Cardiovascular devices, chiefly external defibrillators, made up nearly a third of the recalled medical products from 2005 through 2009, the time covered by the review. A 2006 study linked defibrillator failure to more than 300 deaths over a 10-year period.
Only 21 of the recalls in the new study involved products approved after clinical trials. Eighty had been approved under the shorter process. Eight were exempt from FDA regulations, and four were counterfeit or categorized as “other.”
The findings, published Monday in the Archives of Internal Medicine, showed that a recent update of the FDA’s abbreviated review process, known as 510(k), was inadequate, said Diana Zuckerman, one of the study’s coauthors.
Medical device companies have stretched the notion of “similar” far beyond regulators’ intention when the law went on the books in 1976, said Zuckerman, president of the National Research Center for Women & Families. “The law has gotten looser and looser over time.”
The FDA should increase the number of devices subject to the stricter review, known as pre-market approval, or devise an intermediate category with more rigor than the 510(k) process, said Steven Nissen, a Cleveland Clinic cardiologist and a study coauthor.
The findings buttress a 2009 Government Accountability Office report that dozens of high-risk devices did not meet the legal standard for abbreviated review, Nissen said.
The FDA is evaluating high-risk products approved through its abbreviated process to see whether they should be subject to more rigorous oversight, agency spokeswoman Karen Riley said in a statement.
The study is the latest chapter in a bitter debate between device makers and public health advocates. In August, the FDA released a draft of new rules that added stricter requirements to the shorter process.
Stephen Ubl, chief executive of the Advanced Medical Technology Assn., said the study was “fundamentally flawed” because “it focuses on the total number of recalls and ignores the fact that there are over 50,000 devices on the market.”
Ubl pointed to other recent studies showing that the percentage of products recalled for serious health problems or deaths was tiny — less than half of 1 percentage point.
Nissen criticized that logic, saying the public would never regard that percentage of failures as acceptable in other endeavors with inherent risk, such as air travel. “I think we need to do better,” he said.

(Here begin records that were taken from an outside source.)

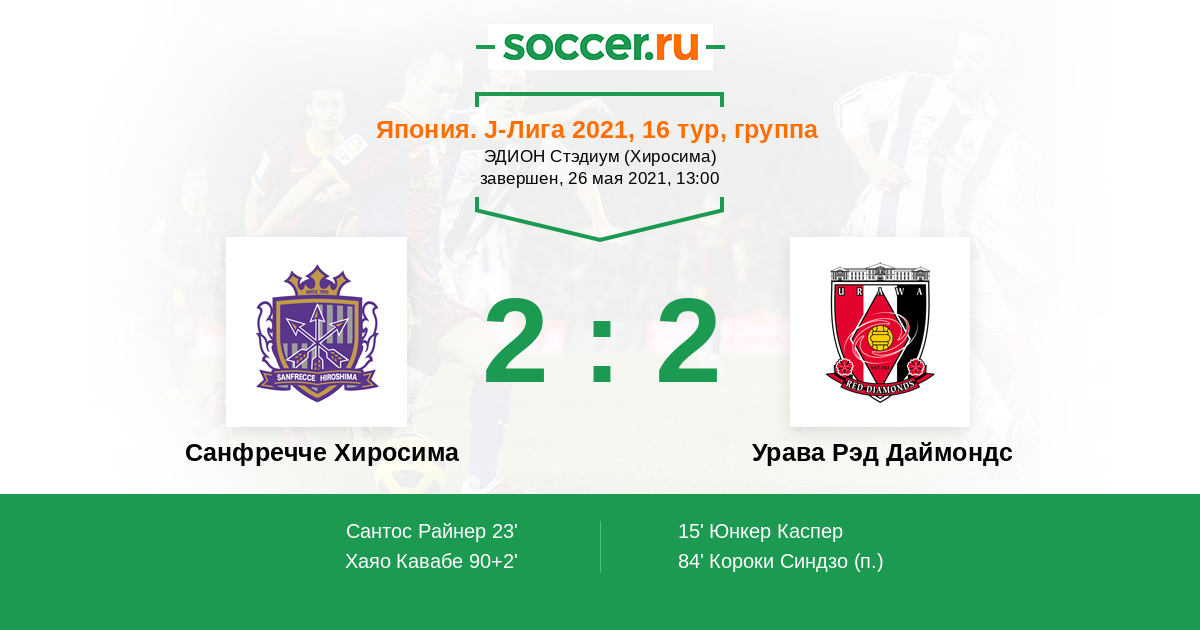 Япония. J-Лига 1 13.05.2022 Урава Рэд Даймондс Логотип футбольный клуб Урава Рэд Даймондс (Сайтама) 0:0 Логотип футбольный клуб Санфречче Хиросима Санфречче Хиросима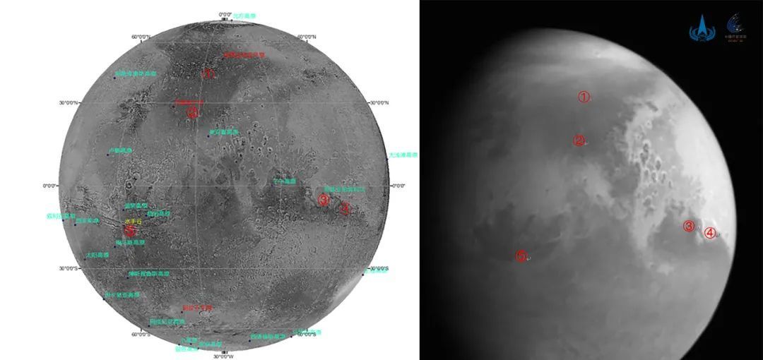 ①阿茜达利亚平原;②克律塞平原;③子午高原;④斯基亚帕雷利坑;⑤水手谷。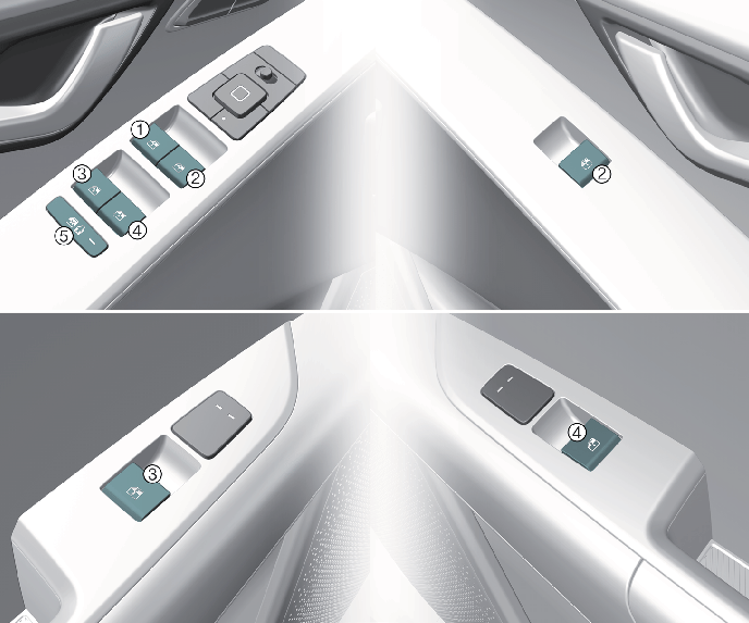 뒷좌석 (우측) 유리창 개폐 스위치

Ubl said the device approval process lacked predictability and consistency and suffered from “declining FDA performance” in carrying out timely product reviews.
Stricter rules would stall innovation and force device makers to shift product development abroad, where approvals are faster, he said.
The FDA last month seemed to take heed of industry concerns. It tightened some requirements but delayed a decision on the toughest potential provisions, including beefing up agency authority to rescind product approvals and to force device makers to conduct post-market safety studies.
Zuckerman said she was hopeful the study would influence regulators to tighten standards.
“The process should be more stringent,” she said. “It doesn’t have to be slower.”